This is much more compact than writing out each prediction individually. The sum of squared errors becomes:

\sum_{i=1}^n (y_i - \hat{y}_i)^2 = ||\mathbf{y} - \mathbf{X}\boldsymbol{\beta}||_2^2

where $||\cdot||_2$ represents the L2 norm (Euclidean norm), which for a vector $\mathbf{v} = [v_1, v_2, \ldots, v_n]^T$ is defined as:

||\mathbf{v}||_2 = \sqrt{\sum_{i=1}^n v_i^2}

Therefore, $||\mathbf{y} - \mathbf{X}\boldsymbol{\beta}||_2^2 = \sum_{i=1}^n (y_i - \hat{y}_i)^2$ is the squared Euclidean distance between the actual values and our predictions.

Similarly, the penalty terms become:

L1 penalty: $\lambda_1 ||\boldsymbol{\beta}||_1 = \lambda_1 \sum_{j=0}^p |\beta_j|$
L2 penalty: $\lambda_2 ||\boldsymbol{\beta}||_2^2 = \lambda_2 \sum_{j=0}^p \beta_j^2$

where the summation includes all coefficients from $j=0$ (intercept) to $j=p$ (last feature).

Putting it all together, our Elastic Net objective function in matrix notation is:

\min_{\boldsymbol{\beta}} \left\{ ||\mathbf{y} - \mathbf{X}\boldsymbol{\beta}||_2^2 + \lambda_1 ||\boldsymbol{\beta}||_1 + \lambda_2 ||\boldsymbol{\beta}||_2^2 \right\}

where:

$\min_{\boldsymbol{\beta}}$ indicates we are finding the coefficient vector $\boldsymbol{\beta}$ that minimizes the objective function
The objective function is the sum of three terms: data fit (SSE), L1 penalty, and L2 penalty

This notation makes it clear that we're minimizing a function of the coefficient vector $\boldsymbol{\beta}$ , and it's much more convenient for mathematical analysis and computational implementation.

Mathematical Properties

Understanding the mathematical properties of Elastic Net helps us predict how it will behave in different situations:

Sparsity and Grouping Effect: The L1 term encourages sparsity by driving some coefficients exactly to zero, while the L2 term encourages grouping of correlated features. This means that when features are highly correlated, Elastic Net tends to include the entire group rather than arbitrarily selecting one feature from the group (as LASSO might do).
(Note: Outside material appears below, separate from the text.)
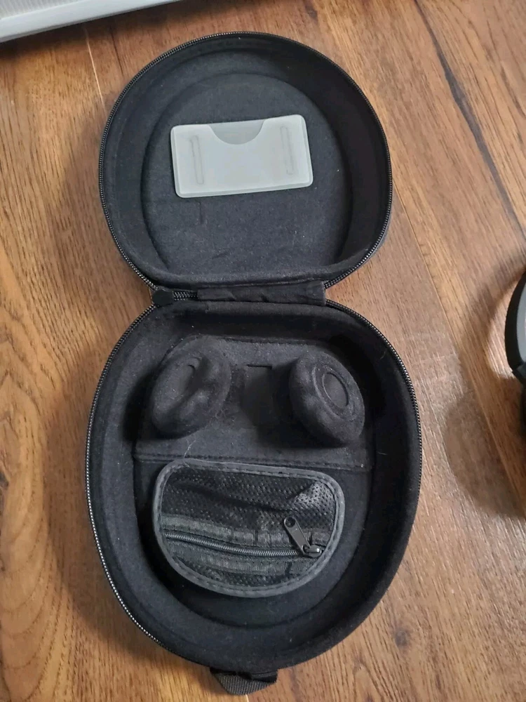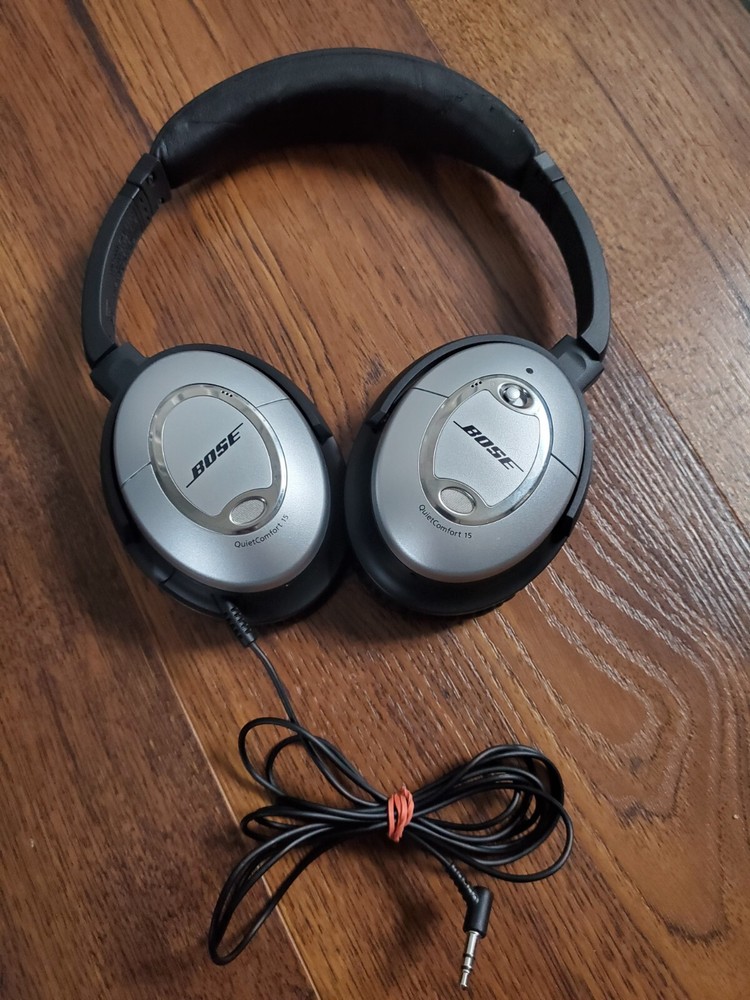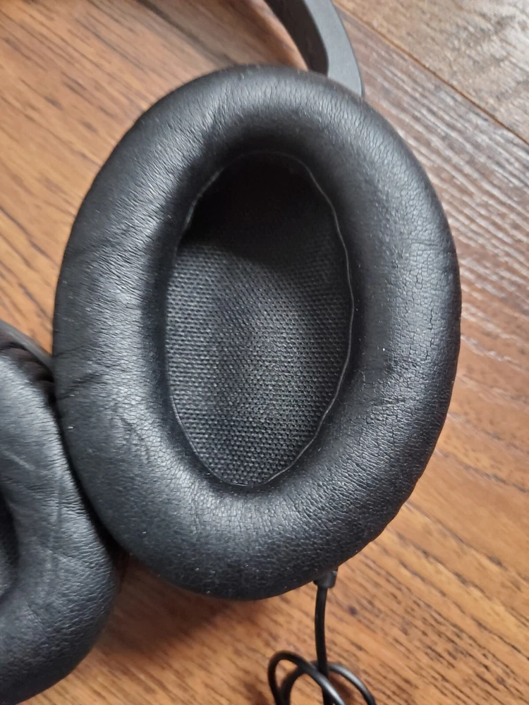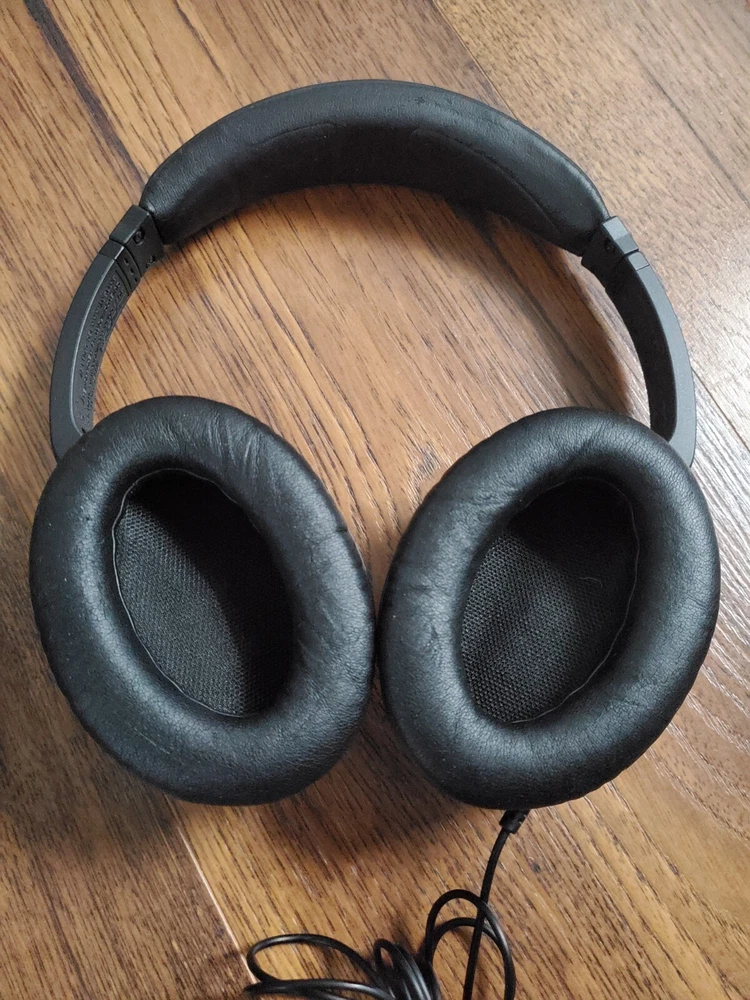 Bose canceling wired over the ear headphones with case, some cracking/pealing on the ear cushions & head strap, adjustable head strap, as pictured, no returns. Shipped USPS

Bias-Variance Tradeoff: As the regularization parameters $\lambda_1$ and $\lambda_2$ increase, the model becomes more biased (systematically wrong) but has lower variance (less sensitive to small changes in the data). This is the fundamental tradeoff in regularization.

Stability: The L2 component helps stabilize the solution when features are correlated, making the coefficient estimates more reliable and less sensitive to small changes in the data.

No Closed-Form Solution: Unlike Ridge regression, which has a closed-form solution, Elastic Net requires iterative optimization due to the non-differentiable L1 penalty. This makes it computationally more expensive but still more tractable than pure LASSO in many cases.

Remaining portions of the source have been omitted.